Seitdem habe ich immer geschrieben: für Zeitschriften und Magazine, Buch- und Hörbuchverlage, und manchmal auch einfach nur für mich. Ich habe viel gearbeitet, und meine Arbeit trotzdem oft kaum als Arbeit empfunden, weil sie mir so viel Freude macht.
Ich habe mein Thema gefunden, und meine Stimme. Und meine Kinder standen dieser Entwicklung nie im Weg, sondern haben sie befeuert und unterstützt.
Jetzt, im Rückblick, wäre es natürlich leicht, zu sagen: Soll eben jeder seinen Traum leben, bei mir hat es ja auch geklappt. Doch die Wahrheit ist: Ich konnte damals vor 12 Jahren alles auf eine Karte setzen, weil ich bestimmte Privilegien hatte und habe.

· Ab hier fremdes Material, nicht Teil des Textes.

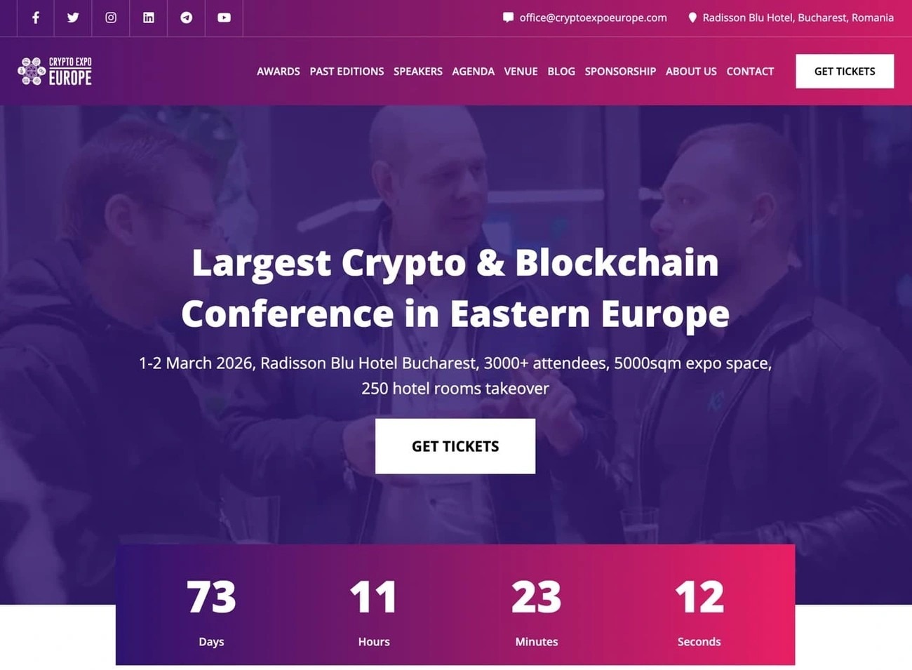 | Blockchain Expo North America | Not mentioned | Santa Clara Convention Center | 6,000+ | Blockchain ecosystem | Free – $400 | 250+ exhibitors, networking party |
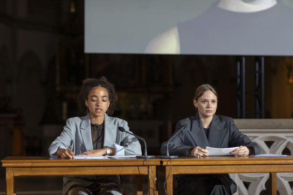Concebido como uma vigília performativa, a cena transforma-se num tribunal expandido, onde se reconstrói o julgamento a partir de centenas de horas de testemunhos, provas, entrevistas, análises forenses, registos visuais, colagens e textos académicos. A encenação de Milo Rau, em colaboração com a dramaturga e ativista Servane Dècle, não procura reconstituir os factos, mas criar uma arquitetura de escuta, memória e resistência.
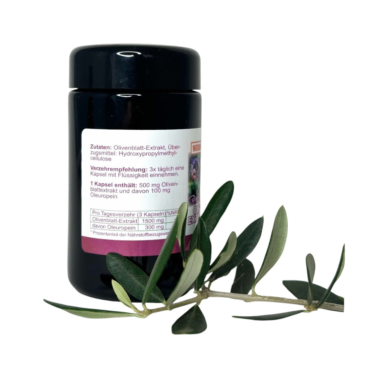 Inhaltsstoffe: 1 Kapsel enthält 500mg Olivenblattextrakt (= 0% NRV*) und davon 100mg Oleuropein (= 0% NRV*).
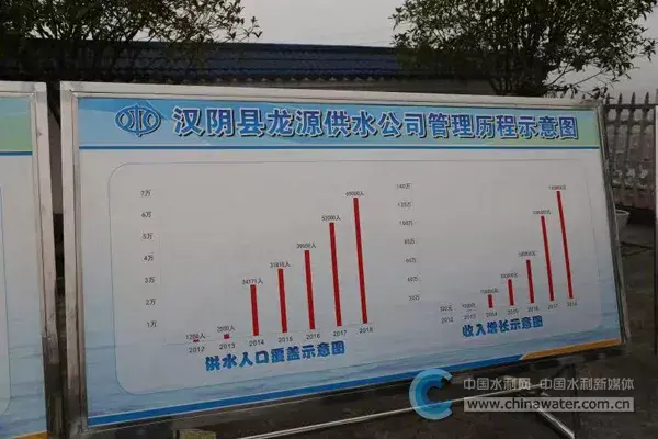 一筹莫展之际,汉阴县县长刘飞霞向他伸出了援助之手:水管老化,政府帮你排查维修;水费难收,政府出钱补贴;人员成本大,政府补助安装智能化水表。几年的时间里,涧池水厂从一个老旧水厂变成全县甚至全省的标杆:安静整洁的水厂办公环境,智能化的水质监测设备,人性化的工程维修管护,2018年底利润额突破百万元!这是政府和龙源供水公司共同“管”出来的成绩。汉阴县还有70个类同的村级水厂,管护着全县约一半行政村的农村供水工程。
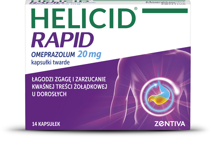 Helicid Rapid to lek zawierający omeprazol, który należy do grupy inhibitorów pompy protonowej. Jego głównym działaniem jest zmniejszanie ilości kwasu wydzielanego w żołądku, co pomaga w leczeniu objawów refluksu, takich jak zgaga i zarzucanie kwaśnej treści żołądkowej. Lek jest przeznaczony do krótkotrwałego stosowania u dorosłych pacjentów, a jego działanie może być odczuwalne po 2-3 dniach stosowania. Helicid Rapid nie jest zalecany dla dzieci i młodzieży poniżej 18 roku życia. Kapsułki należy przyjmować na pusty żołądek, najlepiej o tej samej porze każdego dnia.
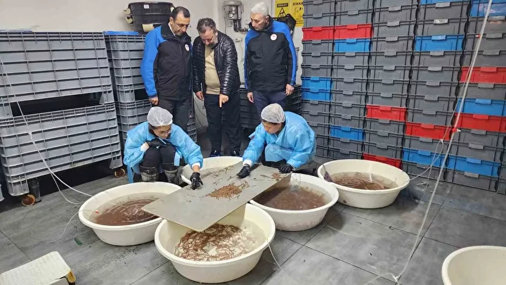 Balıkçılık ve Su Ürünleri Genel Müdürü Turgay Türkyılmaz, Çanakkale İl Tarım ve Orman Müdürü Ergün Demirhan, Daire Başkanı İlhan Üze, İl ve İlçe Müdürlüğü İdarecileri, deniz solucanı türleri yetiştiriciliği tesisinde incelemelerde bulundu.
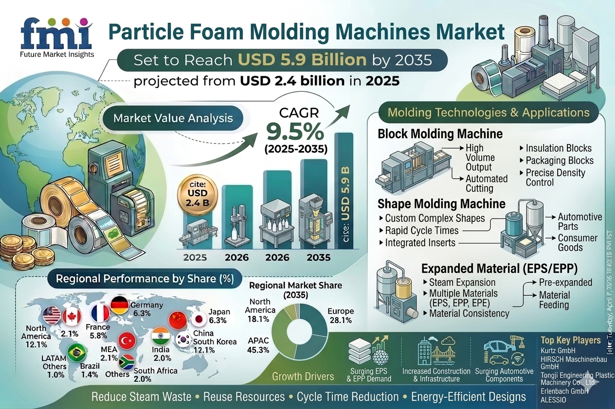 As packaging, automotive, construction, and electronics sectors scale production, particle foam molding technology is evolving from conventional steam chest and block molding systems toward vacuum-assisted, multi-density, and fully automated lines that deliver higher precision and reduced material waste.
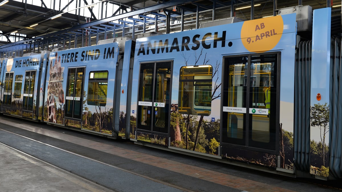 Ab heute Dienstag, 3. März 2020, grüssen grosse Giraffen von einem Cobra-Sondertram, das der Zoo Zürich und die VBZ gemeinsam entwickelt haben. Im Innern begrüssen Erdmännchen die Fahrgäste, während Giraffen-Hufspuren den Boden zieren. Auch Nashörner, Zebras, Strausse und Hyänen begleiten die Fahrt. Sie alle werben für die neue Lewa Savanne im Zoo Zürich, die ab dem 9. April 2020 geöffnet ist.
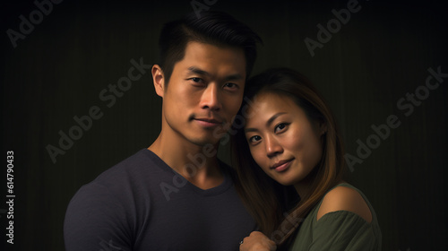 Studio portrait of an asian pacific islander young adult couple. Image generative AI.
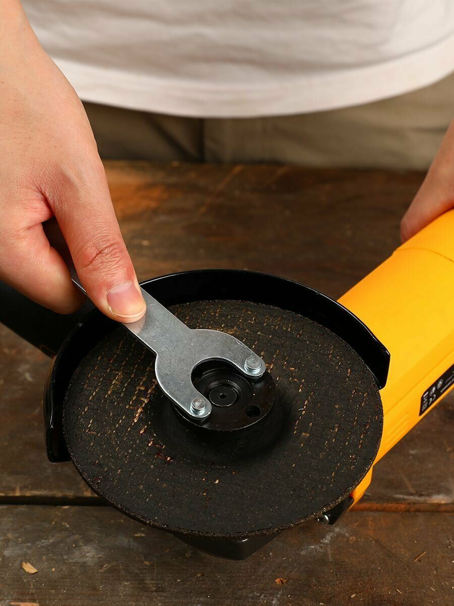 Практичность и мощность в каждом движении: замена диска на надёжной жёлтой угловой шлифовальной машине, готовой к новым задачам.
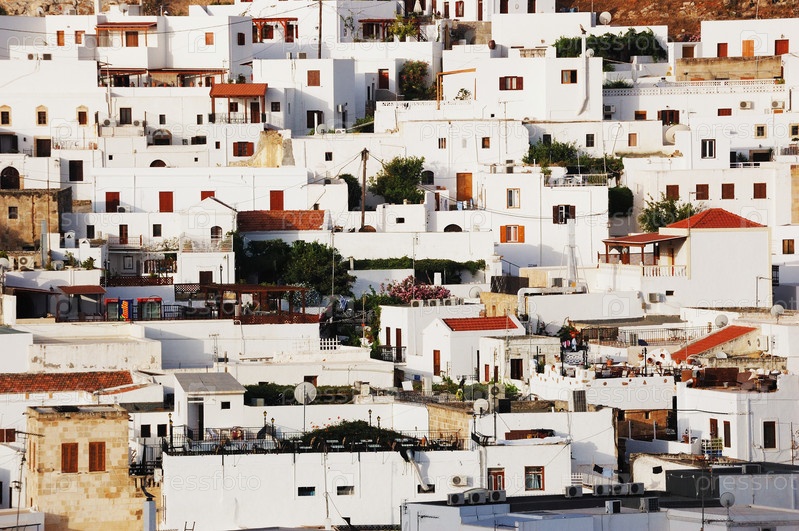 Посмотреть на старый греческий город Линдос, Родос, Греция
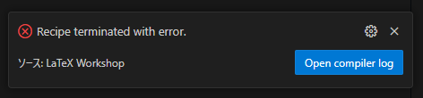 コンパイルすると右下にエラーの表記とともに「Open compiler log」と出ると思うので、それをクリックしてエラーログを開きます。
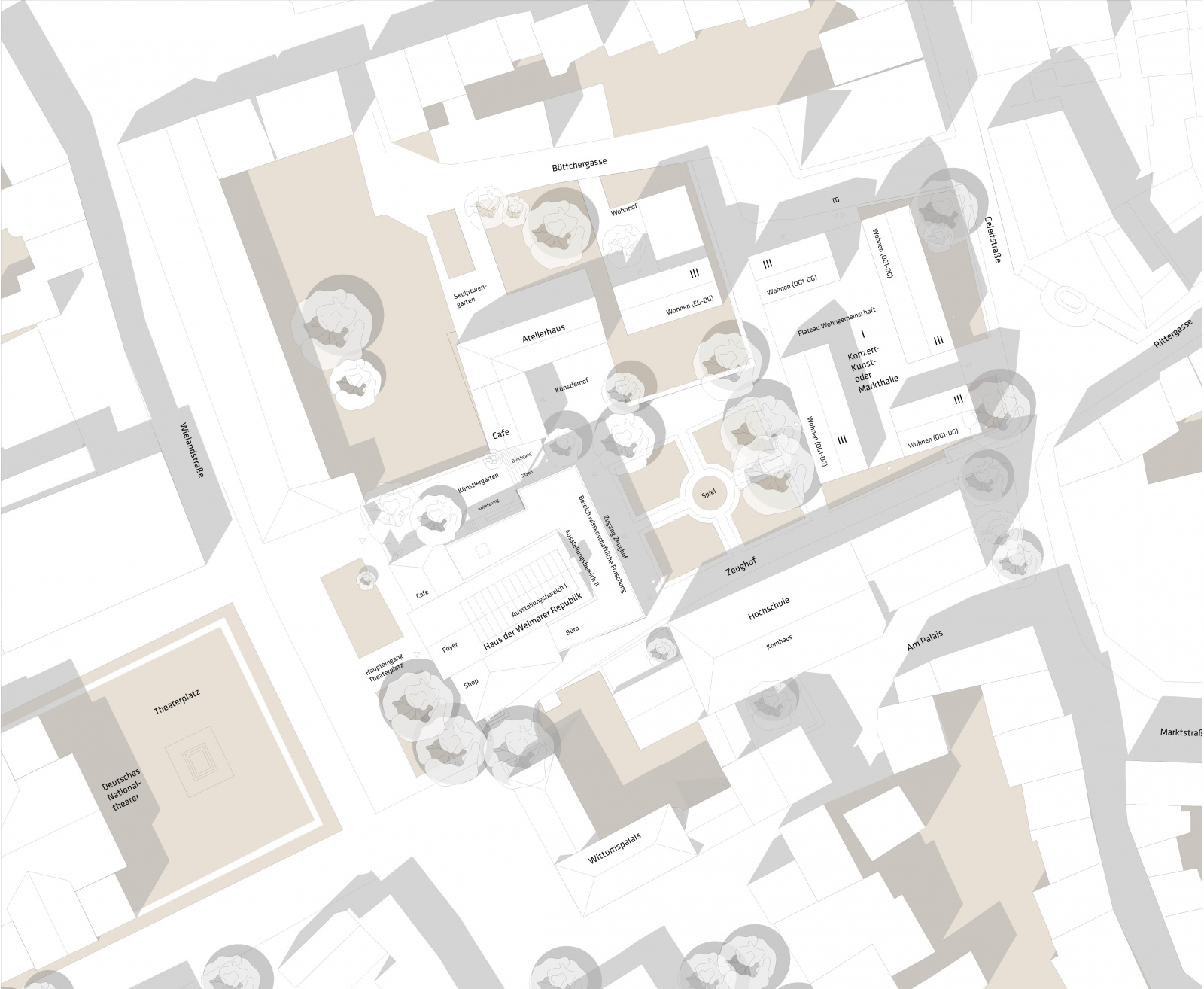 Mit einem sehr disziplinierten Einsatz der Gestaltungsmittel gelingt der Arbeit eine klare, in die angrenzenden Stadträume angemessen einbindende Grunddisposition. Die mittige Eingangssituation zum Theaterplatz mit seitlich angrenzender Garderobe und Museumsshop übernimmt unaufgeregt die vorgefundene Figur. Ebenso bleibt die Baukörperdisposition entlang des südlichen Durchganges zum Zeughof unverändert beibehalten. Ein komplementär hierzu neu hinzugefügter Erschließungsweg entlang der ebenfalls unveränderten Nordfassade schafft die gewünschte Erhöhung der Durchlässigkeit zwischen Theaterplatz und Zeughof. Die damit verbundene Option einer inhaltlichen, Verweilqualitäten schaffenden, Bespielung des nördlichen Vorplatzes wird leider nicht genutzt.

Ich wusste, dass ich nicht besonders tief fallen kann.
Ich war nicht allein.
Und ich hatte so viel Unterstützung und Bildung im Gepäck, dass ich unterwegs immer noch ziemlich schadlos hätte umkehren können, wäre mein Traum vom Autorinnenleben zerplatzt.
Doch all diesen Privilegien zum Trotz: Den Mut, zu springen, den musste ich selbst aufbringen. Ich musste mir zutrauen, etwas zu können, was viele wollen und längst nicht alle schaffen.
Deshalb ist es mir so wichtig, meinen Töchtern zu vermitteln: Wenn Ihr Kinder haben wollt, stutzt nicht Eure beruflichen Träume zurecht, sondern findet eine Leidenschaft - und einen Menschen, mit dem ihr eine Familie gründen könnt, ohne Euch selbst und Eure Karrieren aufzugeben.
Denn ich bin überzeugt: Jeder Job, der glücklich macht, ist familienfreundlicher als ein Kompromiss, den wir eingegangen sind, weil uns ein Leben lang von allen Seiten suggeriert wurde, als Frauen könnten wir eben nicht beides haben: Kinder und einen richtig tollen Beruf.